W ocenie Kidawy-Błońskiej szczególnie pracownicy archiwów, bibliotek i muzeów powinni zarabiać zdecydowanie więcej i w kwestii tej nie powinno się już dłużej czekać. "Nie można już dłużej udawać, że pracują tam pasjonaci i to są ludzie, którzy wszystko wytrzymają. Ludzie pracujący w kulturze mają bardzo wysokie wykształcenie i czasami są to wieloletnie studia i praktyki" - mówiła.
"Wszyscy chcieliby, żeby finansowanie było większe. Nie ma takiej instytucji kultury, która nie mogłaby wchłonąć więcej pieniędzy" - powiedziała. Zaznaczyła jednak, że polska kultura wykorzystuje środki unijne jak żaden inny obszar naszego kraju. "Jest w tej dziedzinie liderem" – podkreśliła Kidawa-Błońska.
Podczas dyskusji dyrektor Muzeum Narodowego w Gdańsku Wojciech Bonisławski ocenił z kolei, że dawno nie było tak dobrego czasu dla polskiego muzealnictwa. Zwrócił jednak uwagę, że należy poprawić edukacyjną misję muzeów. "To nie dotyczy pieniędzy, ale bardziej legislacji" - mówił. "Chcemy rozwijać nasze zadania edukacyjne, niemniej nie wiemy, jak doprowadzić do takiego głębokiego porozumienia z resortami, które edukacją zarządzają, zarówno edukacją dzieci i młodzieży, jak i akademicką. To się często rozchodzi" – argumentował.

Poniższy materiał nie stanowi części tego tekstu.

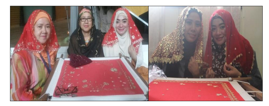
Figure 6 : The researcher with embroiderers who are still actively embroidering kelingkan.

Dodał, że np. w Rumunii jest zapisane w prawie, że wszystkie dzieci chodzą do muzeum. „To nie wymaga pieniędzy, to wymaga pewnej woli, wypracowania programów i bardzo ścisłej współpracy. Sami nie damy rady, potrzeba nam dużego wsparcia rządu i parlamentu, a później pewnych rozwiązań prawnych” – wyjaśnił Bonisławski.
Podczas spotkania z marszałek poruszono też m.in. kwestię finansowania kultury przez podmioty gospodarcze.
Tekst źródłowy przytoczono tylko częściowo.